┏━━
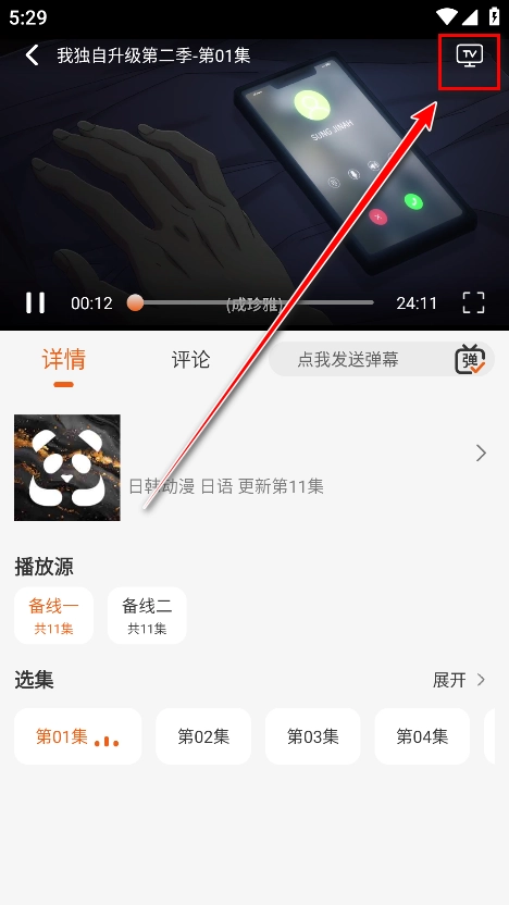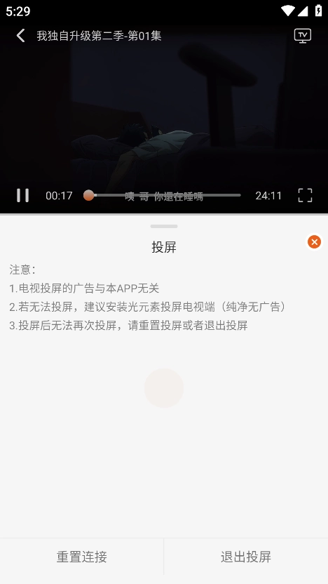 3.点击影视播放页面的TV投屏按钮后,App便会开始搜索相关的电视设备
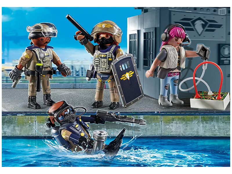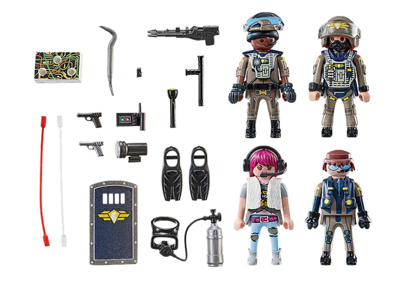 A szett tartalma: 2 db SWAT rendőr figura, 1 db SWAT rendőrnő figura, 1 db bűnöző figura, 2 db sisak, 1 db pajzs, 1 db búvárlámpa, 1 db szigony, 1 db zseblámpa, 1 db pisztoly, 1 db feszítővas, 1 db GPS készülék, 1 db headset, 1 pár békatalp, 1 db búvártartály, 1 db búvármellény, egyéb eszközök és kiegészítők.
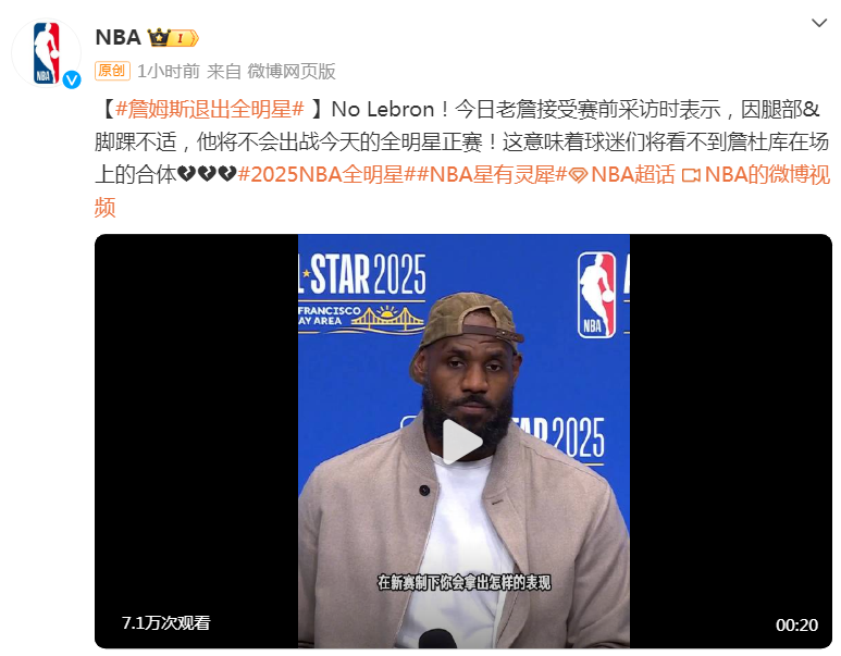 NBA官方随后也宣布了这一消息。这是詹姆斯生涯首次在入选全明星的情况下缺席比赛。
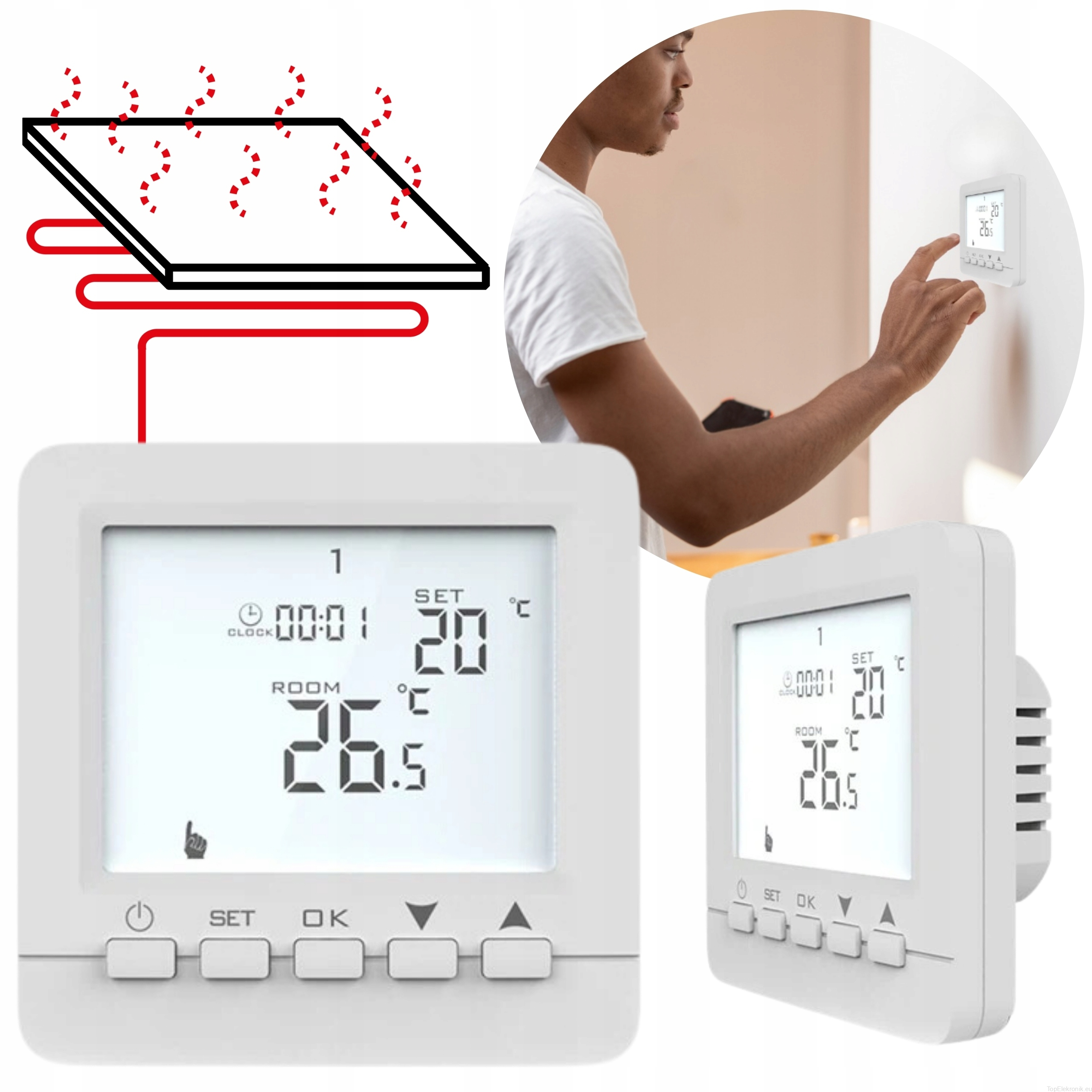 ⏩ Uniwersalny podstawowy Termostat ścienny do maty elektrycznej , pompy obiegowej, elektrozaworu...
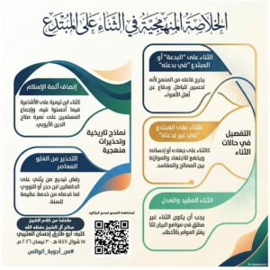 يجب أن يكون الثناء مقيدا وعادلا، ويُحذر من الثناء المطلق في مواضع البيان لئلا يغتر العوام بأخطاء الممدوح وعقيدته، فالمسألة تحتاج إلى تقوى وإنصاف.
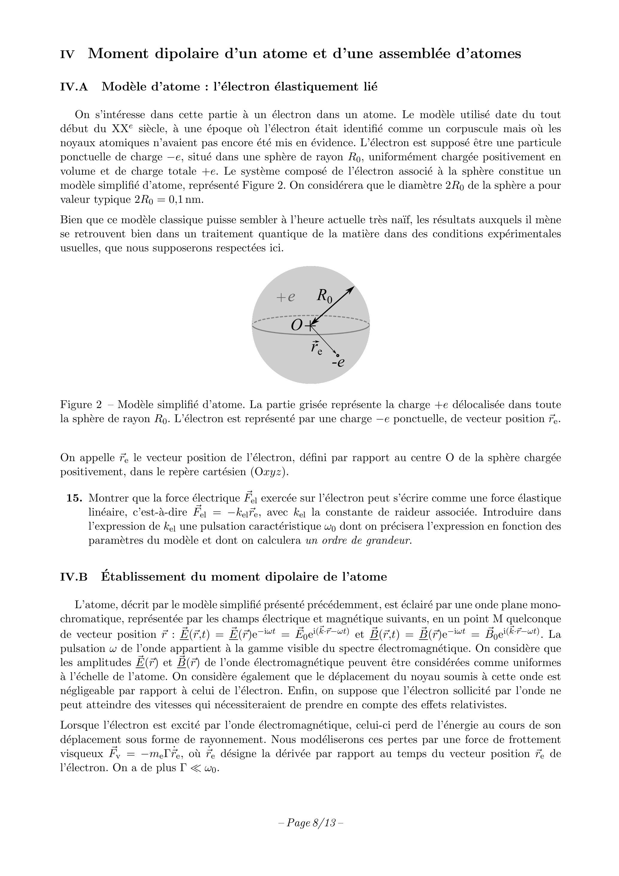 15. Montrer que la force électrique exercée sur l'électron peut s'écrire comme une force élastique linéaire, c'est-à-dire , avec la constante de raideur associée. Introduire dans l'expression de une pulsation caractéristique dont on précisera l'expression en fonction des paramètres du modèle et dont on calculera un ordre de grandeur.
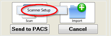 - Or, if you've configured a functioning "Mode" in DocScanFx, run DocScanFx, select a mode, perform a query, choose an exam to scan images into, and right click the "Scan" button. Finally, click the "Scanner Setup" option.
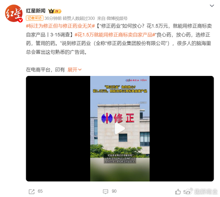 据“红星资本局”报道,电商平台上,一些标注为“修正”品牌的产品,实际生产厂家与修正药业无关。此外,电商平台上部分销售这些产品的店铺,却能出具修正药业的授权书。
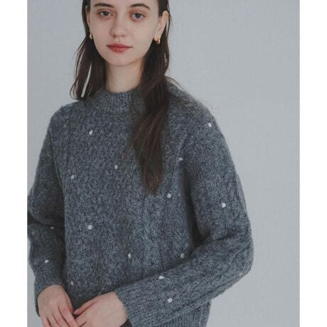 ふんわりとした起毛感のある素材で仕立てた季節感たっぷりのケーブルミットプルオーバー
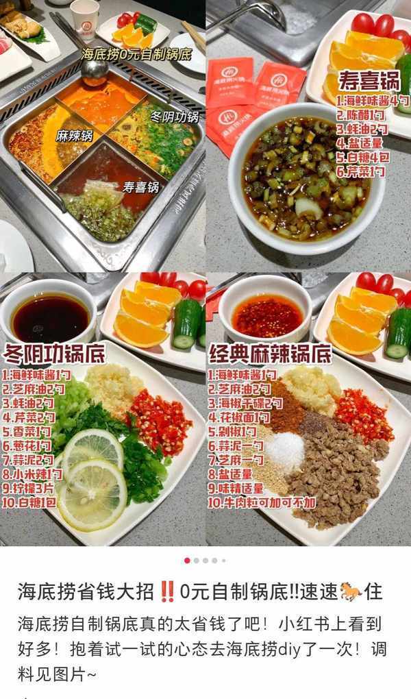 不过,抱着吃垮海底捞信念的羊毛党则一个锅底都不点,全部用小料台上的原料自制。比如麻辣锅:海鲜味酱1勺、芝麻油2勺、海椒干碟2勺、花椒面1勺、剁椒1勺、蒜泥1勺、芝麻1勺、盐味精适量。除此之外,还有藤椒锅底、大酱牛肉锅底、冬阴功锅底、寿喜锅锅底等各类0元自制锅底攻略。
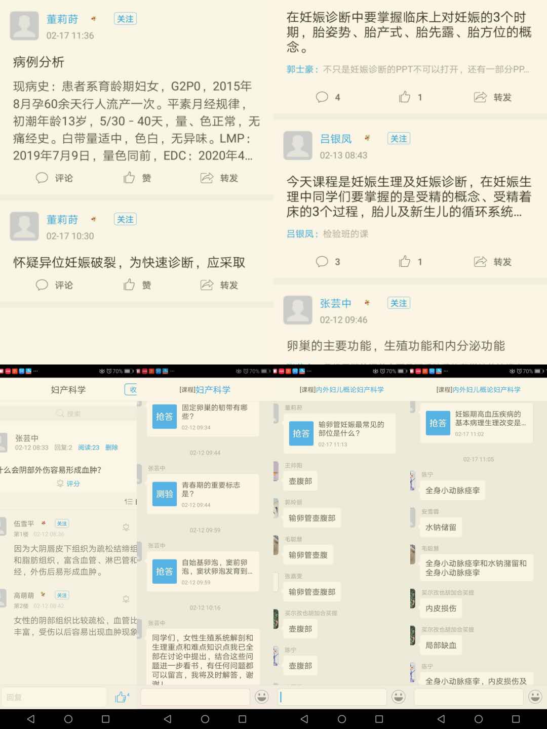 本学期学院共开设理论课41门(71门次)、实验课22门(111门次),通过慕课、学习通APP等平台,2020年春季学期所有理论课已按照原定教学计划开展在线教学工作,同时积极利用网络教学平台,创新教学模式,丰富教学内容,并在部分课程中引入疫情防控相关知识,引导学生树立正确的认识、有效防范。不同于传统教学方式,各教研室、承担教学任务的教师为保障教学质量,更加用心备课、精心准备案例、花心思设计课程、细心观察学生的讨论、费心批阅随堂测验。我们的老师摇身一变,成为镜头前的“主播”,采用直播、录播、录屏的方式授课。线上教学不仅提高了对教师授课的要求,更加提高了学生们主动参与学习的动力,整场气氛空前活跃。目前床旁教学及实际操作的见习课程暂未开课,《临床机能实验学》课程将分次上传操作视屏,供学生预先学习。
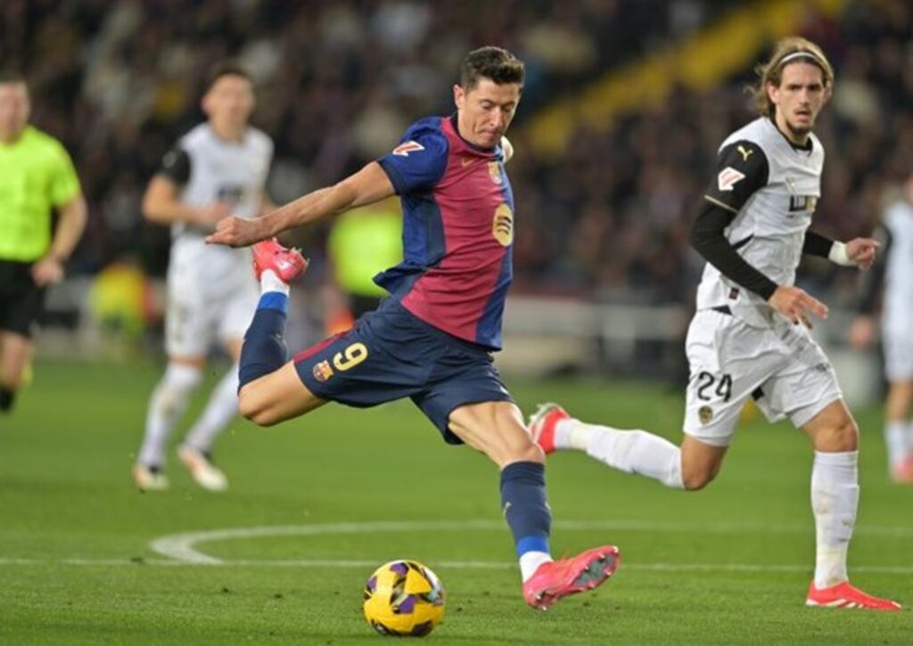 | Robert Lewandowski, meilleur buteur de Liga, a encore marqué lors de la démonstration du Barça contre Valence (7-1), lors de la 21e journée du Championnat d'Espagne, le 26 janvier à Barcelone |
┗━━
# WHAT THE TASK ASKS:
Copy these entries precisely and drop any picture.

# SOLUTION BELOW:
 3.点击影视播放页面的TV投屏按钮后,App便会开始搜索相关的电视设备
 A szett tartalma: 2 db SWAT rendőr figura, 1 db SWAT rendőrnő figura, 1 db bűnöző figura, 2 db sisak, 1 db pajzs, 1 db búvárlámpa, 1 db szigony, 1 db zseblámpa, 1 db pisztoly, 1 db feszítővas, 1 db GPS készülék, 1 db headset, 1 pár békatalp, 1 db búvártartály, 1 db búvármellény, egyéb eszközök és kiegészítők.
 NBA官方随后也宣布了这一消息。这是詹姆斯生涯首次在入选全明星的情况下缺席比赛。
 ⏩ Uniwersalny podstawowy Termostat ścienny do maty elektrycznej , pompy obiegowej, elektrozaworu...
 يجب أن يكون الثناء مقيدا وعادلا، ويُحذر من الثناء المطلق في مواضع البيان لئلا يغتر العوام بأخطاء الممدوح وعقيدته، فالمسألة تحتاج إلى تقوى وإنصاف.
 15. Montrer que la force électrique exercée sur l'électron peut s'écrire comme une force élastique linéaire, c'est-à-dire , avec la constante de raideur associée. Introduire dans l'expression de une pulsation caractéristique dont on précisera l'expression en fonction des paramètres du modèle et dont on calculera un ordre de grandeur.
 - Or, if you've configured a functioning "Mode" in DocScanFx, run DocScanFx, select a mode, perform a query, choose an exam to scan images into, and right click the "Scan" button. Finally, click the "Scanner Setup" option.
 据“红星资本局”报道,电商平台上,一些标注为“修正”品牌的产品,实际生产厂家与修正药业无关。此外,电商平台上部分销售这些产品的店铺,却能出具修正药业的授权书。
 ふんわりとした起毛感のある素材で仕立てた季節感たっぷりのケーブルミットプルオーバー
 不过,抱着吃垮海底捞信念的羊毛党则一个锅底都不点,全部用小料台上的原料自制。比如麻辣锅:海鲜味酱1勺、芝麻油2勺、海椒干碟2勺、花椒面1勺、剁椒1勺、蒜泥1勺、芝麻1勺、盐味精适量。除此之外,还有藤椒锅底、大酱牛肉锅底、冬阴功锅底、寿喜锅锅底等各类0元自制锅底攻略。
 本学期学院共开设理论课41门(71门次)、实验课22门(111门次),通过慕课、学习通APP等平台,2020年春季学期所有理论课已按照原定教学计划开展在线教学工作,同时积极利用网络教学平台,创新教学模式,丰富教学内容,并在部分课程中引入疫情防控相关知识,引导学生树立正确的认识、有效防范。不同于传统教学方式,各教研室、承担教学任务的教师为保障教学质量,更加用心备课、精心准备案例、花心思设计课程、细心观察学生的讨论、费心批阅随堂测验。我们的老师摇身一变,成为镜头前的“主播”,采用直播、录播、录屏的方式授课。线上教学不仅提高了对教师授课的要求,更加提高了学生们主动参与学习的动力,整场气氛空前活跃。目前床旁教学及实际操作的见习课程暂未开课,《临床机能实验学》课程将分次上传操作视屏,供学生预先学习。
 | Robert Lewandowski, meilleur buteur de Liga, a encore marqué lors de la démonstration du Barça contre Valence (7-1), lors de la 21e journée du Championnat d'Espagne, le 26 janvier à Barcelone |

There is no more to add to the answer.